Memorial Day speaker drops bomb about Boys State … but turns out his coordinates were likely wrong

Memorial Day program in Oak Grove Cemetery in 2016.

By JAN LARSON McLAUGHLIN

BG Independent News

 

A retired U.S. Air Force colonel dropped a bomb on the Bowling Green Memorial Day Program Monday, but it appears the torpedo may have been a dud.

During his keynote speaking comments, Col. Scott Manning expressed his sadness that Buckeye Boys State was moving from Bowling Green State University to Miami University after this year’s program.

As a high school student, Manning had attended Boys State and decided to return to BGSU for his college education and ROTC. So the loss of the program was a personal loss to him.

That bombshell sent some shockwaves through the dignitaries and the crowd at the Memorial Day service.

“I’m absolutely astonished if that’s true,” Bowling Green Mayor Dick Edwards said. Edwards attended Boys State when it was stationed at Camp Perry, convinced the program to move to BGSU in 1978 when he was in the university president’s office, and was later named to the Buckeye Boys State Hall of Fame.

The Buckeye Boys State program has been in limbo for a few years, with the primary sticking point being money. BGSU wants more to house the program, Boys State wants the university to consider the value of having 1,300 male high school juniors come to campus for a week of mock government activities each June.

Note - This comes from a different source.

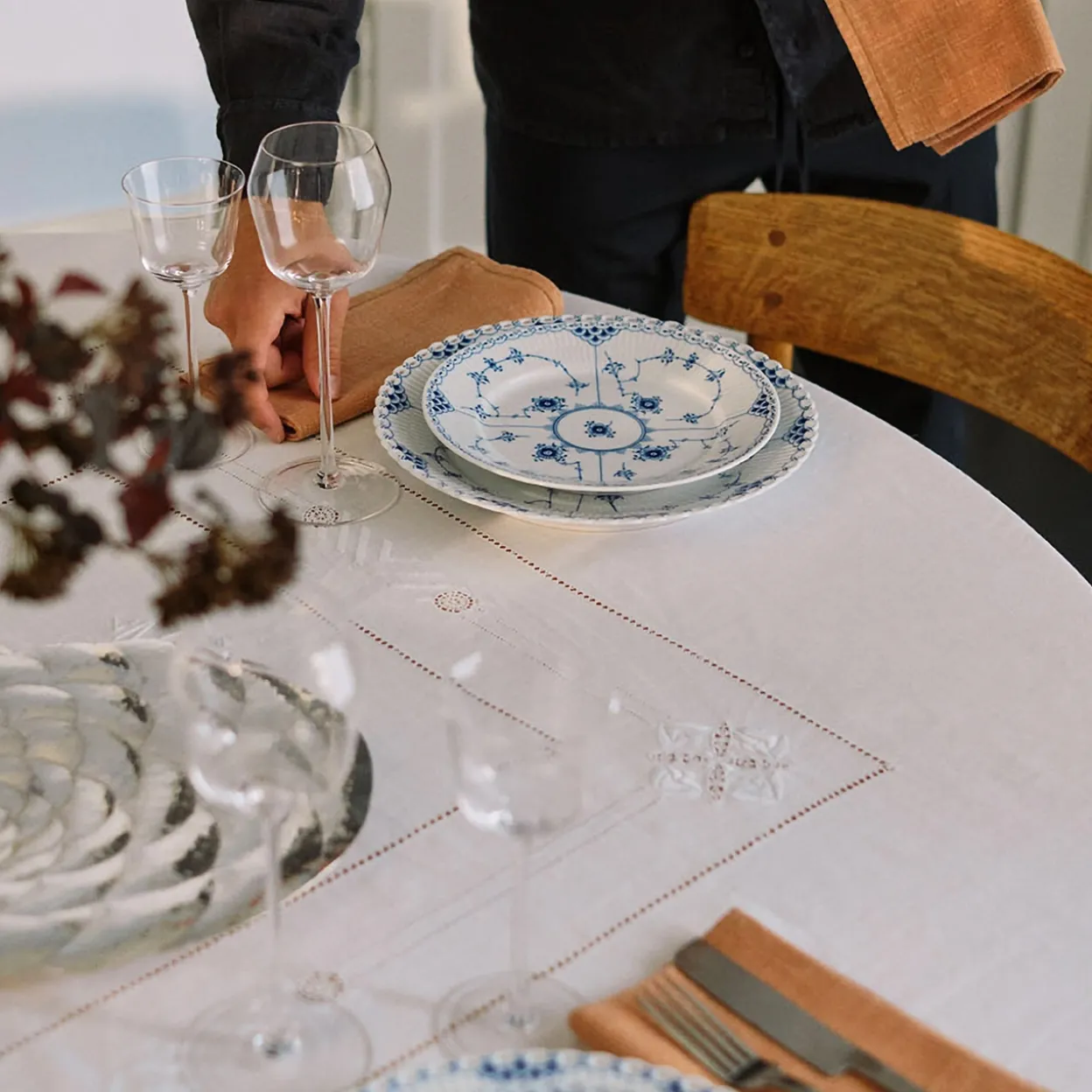 Proposed as The Royal Danish Porcelain Factory trademark in 1775 by Queen dowager Juliane Marie, every piece of Royal Copenhagen porcelain is instantly recognised by the three blue waves on its underside symbolising the Sound, the Great Belt and the Little Belt – the three main waterways of Denmark.

“You get the best and the brightest from the state,” Edwards said. The program is not intended to be a money making venture, he said, but it does work as a recruitment tool for BGSU.

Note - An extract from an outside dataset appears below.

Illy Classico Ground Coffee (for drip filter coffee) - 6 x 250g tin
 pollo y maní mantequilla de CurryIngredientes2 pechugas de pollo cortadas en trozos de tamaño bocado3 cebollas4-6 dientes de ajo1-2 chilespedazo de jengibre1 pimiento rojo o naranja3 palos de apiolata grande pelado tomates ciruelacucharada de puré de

Until Manning’s announcement, it was believed negotiations for a new five-year conference agreement were still going on. The current agreement expires after the program later this month.

“I know negotiations haven’t been going well,” said Dave Ridenour, of the Bowling Green American Legion Post, who also helped organize the Memorial Day program.

But after the program was over, Ridenour said that Manning had been given inaccurate information. “He misspoke from rumors.”

The coordinates for the bombshell were faulty.

“It’s pretty common knowledge that negotiations have not been going well with the university,” Ridenour said. “However, there’s no confirmation that they’re leaving.”

Ridenour said the negotiations have narrowed the gap between what Boys State is paying and what BGSU wants. Meanwhile, “the whole community is on pins and needles.”

Patrick Nelson, director of the Bowen Thompson Student Union at BGSU, was at the Memorial Day service and said afterward that the university had just sent new contract information to Boys State organizers on Friday.

“As far as I know, we’re still looking good. I was surprised to hear that comment,” Nelson said.

BGSU spokesperson Dave Kielmeyer, when reached by phone, was also surprised.

“The last I heard, we were still negotiating,” he said.

“BGSU greatly values our long-term relationship with Buckeye Boys State. As of Friday, negotiations on a new contract were still ongoing,” Kielmeyer said. “The American Legion has not informed us that any decision has been made.”

Navy veteran and former BGSU faculty member Dave Chilson said the value to the university is far more than the dollars exchanged. “All these young men who come here, it’s an opportunity for them to see the university.”

That’s what convinced Manning to enroll at BGSU. “It left a really big impression on me,” he said.

If the program moves to Miami University, that will also make an impression on Manning, who said he will stop donating any money to BGSU.

“If they make that decision to save a few dollars, that’s the biggest mistake they could make,” he said of BGSU.

In February, Gerald White, the director of Buckeye Boys State asserted the American Legion’s desire to keep the civics event at Bowling Green where it has convened since 1978. At that point, White said that the American Legion does check out other campuses, and gets wooed by other campuses. But no steps have been taken to move.

The conference agreement must be periodically studied, White said, adding: “I think it is a mark of the partnership between American Legion Buckeye Boys State, the City of Bowling Green, Wood County, and Bowling Green State University and the pleasure and pride that the Buckeye Boys State Board of Trustees has in conducting our program on the BGSU campus that for 37 years, now going into 38, Buckeye Boys State has remained in the City of Bowling Green and the campus of Bowling Green State University.”